Apply to the Federal Court of Canada for judicial review
Under Canada’s immigration law, you can ask the Federal Court of Canada to review immigration decisions.
There are deadlines to apply for a review. For example, if the Immigration and Refugee Board (IRB) rejects your claim for refugee protection, you must file an application for a Federal Court review within 15 days of the IRB decision. If you want to apply for a review, you may want to get legal advice as soon as possible.
A review by the Federal Court is a 2-stage process:
- leave stage
- judicial review stage
Stage 1: Leave
In the first stage, called the leave stage, the Court reviews the documents about your case. You must show the Court that the decision was not fair or reasonable , or that there was an error.
If the Court gives leave, it means it agrees to examine the decision in depth.
Stage 2: Judicial review
The second stage is called the judicial review.
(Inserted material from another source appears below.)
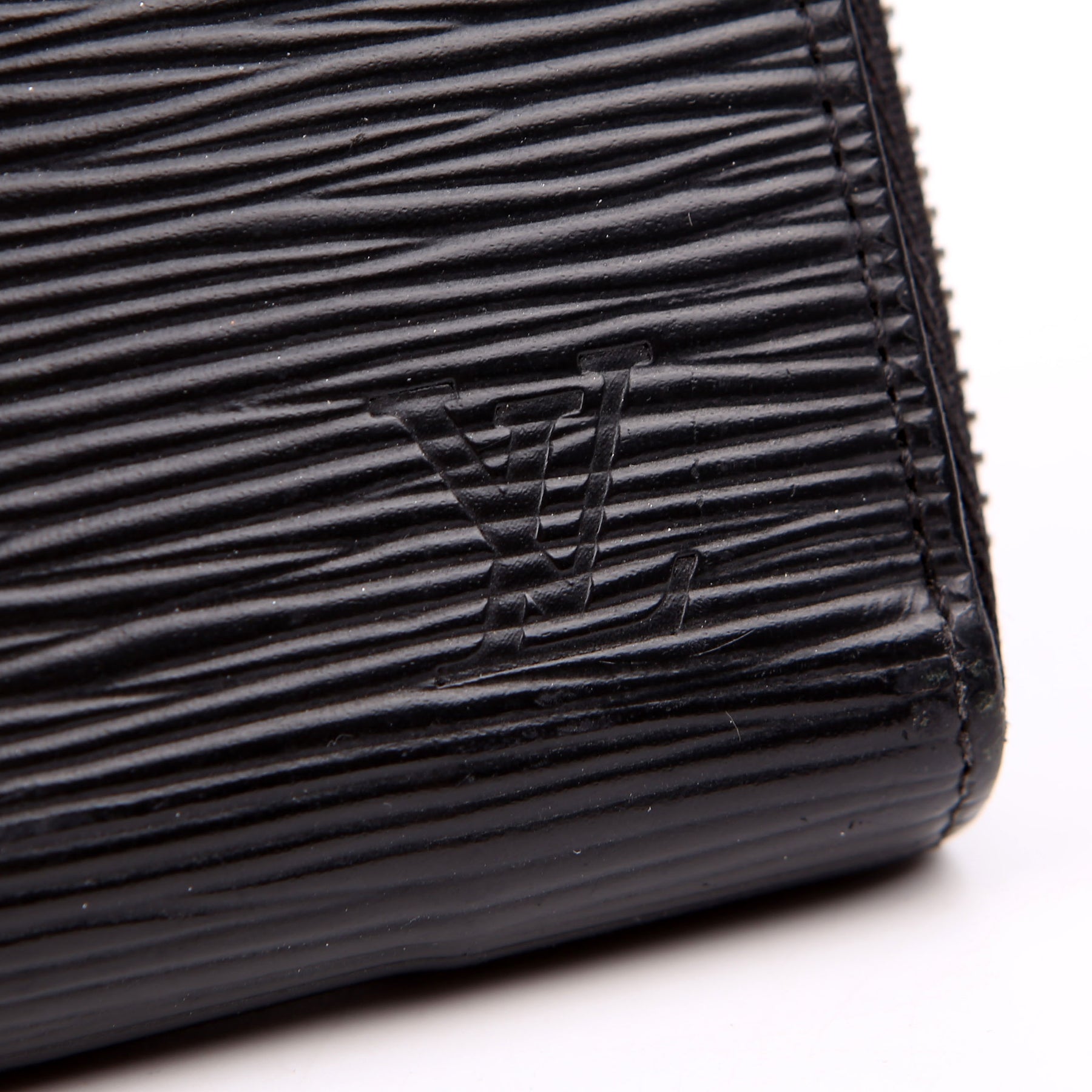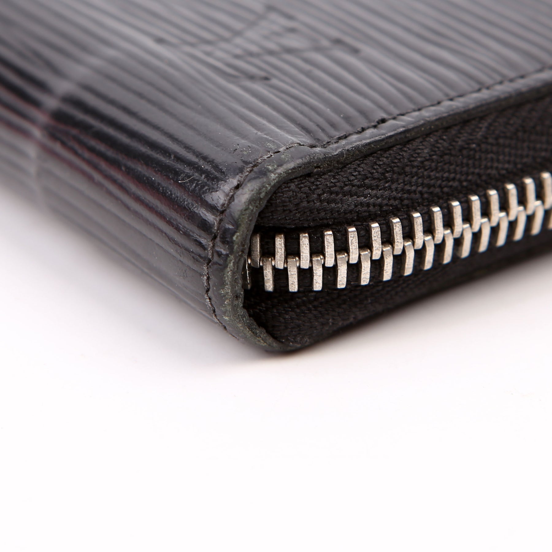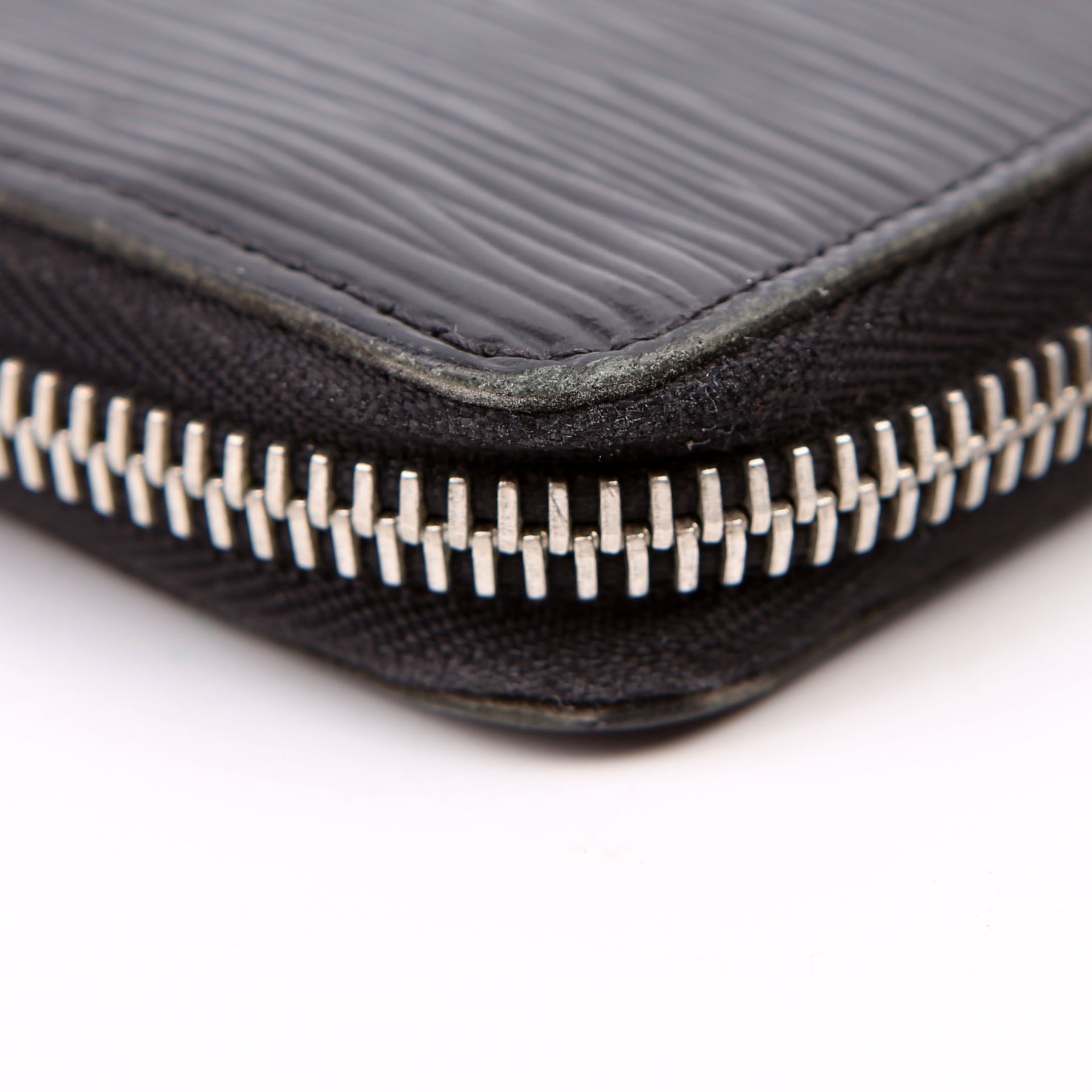Hardware: The zipper operates properly and runs smoothly. The leather zipper pull shows minor wear.

At this stage, you (with or without a lawyer) can attend an oral hearing before the Court and explain why you believe the original IRB decision was wrong.
Staying in Canada during the Federal Court’s review
The status of your removal order depends on which IRB division made the decision you’re asking the Court to review. For decisions made by the IRB’s:
- Refugee Appeal Division
- Your removal order is on hold. You can stay in Canada until the Court makes a decision.
- Refugee Protection Division
- Your removal order is not on hold. You may need to leave Canada.
Federal Court of Canada decisions
If the Court agrees with the IRB’s original decision and finds there was no error, you’ll have to leave Canada.
If the Court returns your case to the IRB, your case will be reconsidered. This does not mean the IRB will reverse the original decision.